Security Considerations The three YANG modules in this document define groupings and will not be deployed as standalone modules. Their security implications may be context-dependent based on their use in other modules. The designers of modules that import these groupings must conduct their own analysis of the security considerations.

Considerations for the "ietf-tcp-common" YANG Module This section is modeled after the template defined in . The "ietf-tcp-common" YANG module defines "grouping" statements that are designed to be accessed via YANG-based management protocols, such as NETCONF and RESTCONF . Both of these protocols have mandatory-to-implement secure transport layers (e.g., Secure Shell (SSH) , TLS , and QUIC ) and mandatory-to-implement mutual authentication. The Network Configuration Access Control Model (NACM) provides the means to restrict access for particular users to a preconfigured subset of all available protocol operations and content. Please be aware that this YANG module uses groupings from other YANG modules that define nodes that may be considered sensitive or vulnerable in network environments. Please review the security considerations for dependent YANG modules for information as to which nodes may be considered sensitive or vulnerable in network environments. None of the readable data nodes defined in this YANG module are considered sensitive or vulnerable in network environments. The NACM "default-deny-all" extension has not been set for any data nodes defined in this module. None of the writable data nodes defined in this YANG module are considered sensitive or vulnerable in network environments. The NACM "default-deny-write" extension has not been set for any data nodes defined in this module. This module does not define any RPCs, actions, or notifications, and thus, the security considerations for such are not provided here.

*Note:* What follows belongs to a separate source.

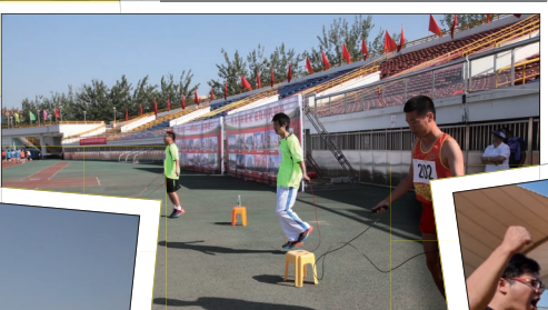
跳绳, 趣味项目竞赛, 同时还有踢毽及俯卧撑等

Considerations for the "ietf-tcp-client" YANG Module This section is modeled after the template defined in . The "ietf-tcp-client" YANG module defines "grouping" statements that are designed to be accessed via YANG-based management protocols, such as NETCONF and RESTCONF . Both of these protocols have mandatory-to-implement secure transport layers (e.g., Secure Shell (SSH) , TLS , and QUIC ) and mandatory-to-implement mutual authentication. The Network Configuration Access Control Model (NACM) provides the means to restrict access for particular users to a preconfigured subset of all available protocol operations and content. Please be aware that this YANG module uses groupings from other YANG modules that define nodes that may be considered sensitive or vulnerable in network environments. Please review the security considerations for dependent YANG modules for information as to which nodes may be considered sensitive or vulnerable in network environments. One readable data node defined in this YANG module may be considered sensitive or vulnerable in some network environments. This node is as follows:

The "proxy-server/socks5-parameters/authentication-parameters/username-password/password" node:
- The "password" node defined in the "tcp-client-grouping" grouping is defined using the "password-grouping" grouping presented in . This grouping enables both cleartext and encrypted passwords to be configured. As the referenced document states, configuration of cleartext passwords is NOT RECOMMENDED. However, in the case cleartext values are configured, this node is additionally sensitive to read operations such that, in normal use cases, it should never be returned to a client. For this reason, the NACM "default-deny-all" extension has been applied to it.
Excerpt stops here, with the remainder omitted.